Wikipedia has announced it would temporarily shut down today, and it did. This blackout is probably the first in the history of the Internet. To come from a website which showed us the power of Internet, this event is extremely important. Wikipedia’s blackout is to protest SOPA, an anti-internet piracy bill which is draconian and kind of a kill switch from Big Brother. The kind of switch the Indian government so badly wants.

When someone leads there will always be critics and very few followers. What Wikipedia has done is a bold thing to do. Not every business, especially the money minting ones, has the cojones to suspend services for what might look like a silly cause. Tech pundits have weighed in on Wikipedia’s blackout. Some called it stupid. Some used word play to stay out of ‘this is stupid’ remarks. If being bold and standing for a cause in the best way possible is being stupid, then yes, Wikipedia is stupid.

You can rip-off an idea, a design or a story. But you can’t rip-off boldness. Even if you could, you simply won’t.

Here’s why I don’t think it’s stupid. Far from it. It’s the opposite of stupid. It’s brilliant.

It’s very simple actually. You have a smartphone which you use regularly for email, Twitter and making calls. Imagine that you can’t use your smartphone any more. Instead you were handed a feature phone. Technically, you are blocked from tweeting, touching and emailing from your phone. All you can do is call or text someone. That life would be extremely frustrating, if not miserable.

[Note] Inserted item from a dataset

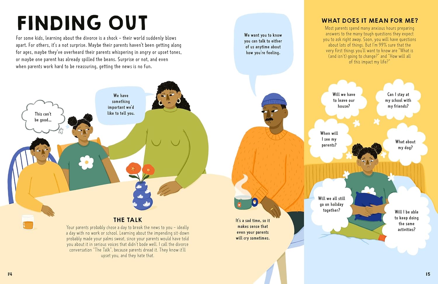 Children of separating or divorcing parents often feel alone and alienated, as though no one understands what they're going through. They need reassurance that their feelings are normal, and age-appropriate answers to their many questions. But divorce is confusing and overwhelming - thinking and talking about it are hard, for kids and grown-ups alike.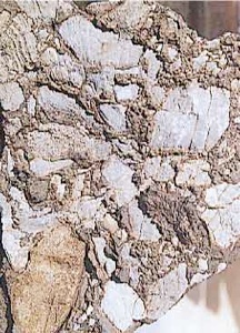 Aspect général de la surface d'un bloc de 12 cm provenant d'un éboulis. En bas, un galet, typique du conglomérat de Russ. Les morceaux anguleux gris sont les fragments d'un récif, noyés dans une gangue de nature volcanique (lave, de teinte brune).

No wait. Mankind lived without phones and it survived. Sure it did. And we lived without the Internet and Wikipedia. But we changed. We changed for the better. Instead of running from pillar to post to gain knowledge, we just sit with a big mug of freshly brewed coffee and punch in our keywords into Google or Wikipedia to gain our knowledge.

You don’t understand the beauty of a product, service or a person as long as you have access to it. You will appreciate its importance only when it’s not there. If and when SOPA comes into picture, the services and products you can’t live without will be filtered for good.

If Wikipedia isn’t blacked out, how else would you experience life without Wikipedia and understand the importance of opposing SOPA?

Think of the Wikipedia blackout as a demo of SOPA for people who can’t imagine a filtered Internet.